La plus belle - Béatrice Bantman
C'est l'histoire de Louise Kramer, fille de rescapés d'Auschwitz, qui a grandi avec cette sinistre litanie "Mme Kramer disait souvent qu'elle était revenue de là-bas parce qu'elle était la plus belle du camp". Alors, aux yeux et dans la tête de Louise, la beauté prend une importance cruciale, qui semble lui être refusée. Elevée dans la rigueur et la menace "du travail et rien d'autre", Louise perd vite sa fraîcheur, sa joie de vie et ses sursauts de bonheur. Chez eux, on est triste, on s'ennuie, on hurle et on donne des coups de ceinture si la petite ramène des mauvaises notes, si l'adolescente se maquille, si la jeune fille rentre tard et fréquente des garçons...
Avoir survécu à tout ça pour voir ça aujourd'hui, c'est le cri d'horreur de ses parents. Et Louise ne s'y oppose pas et accomplit leurs quatre volontés.

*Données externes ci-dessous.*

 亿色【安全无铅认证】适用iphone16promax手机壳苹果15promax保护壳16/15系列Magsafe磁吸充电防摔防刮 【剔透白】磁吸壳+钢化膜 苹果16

Pour fuir ce quotidien morne, elle rêve, elle couche avec des types sans amour, elle a le coeur brisé par un Pascal qui la quitte pour une autre. Elle se tait. C'est une existence terne, misérable affectivement, qui ne comble pas Louise, "mal née, trop tôt, trop près des camps, au mauvais endroit, la mauvaise année, dans la mauvaise famille, vivante au pays des morts, rieuse et étourdie au pays des sanglots tus. Elle se débat comme une aveugle, une sourde, une folle contre les murs de barbelés que les Allemands ont dressés à jamais dans le coeur de ses parents."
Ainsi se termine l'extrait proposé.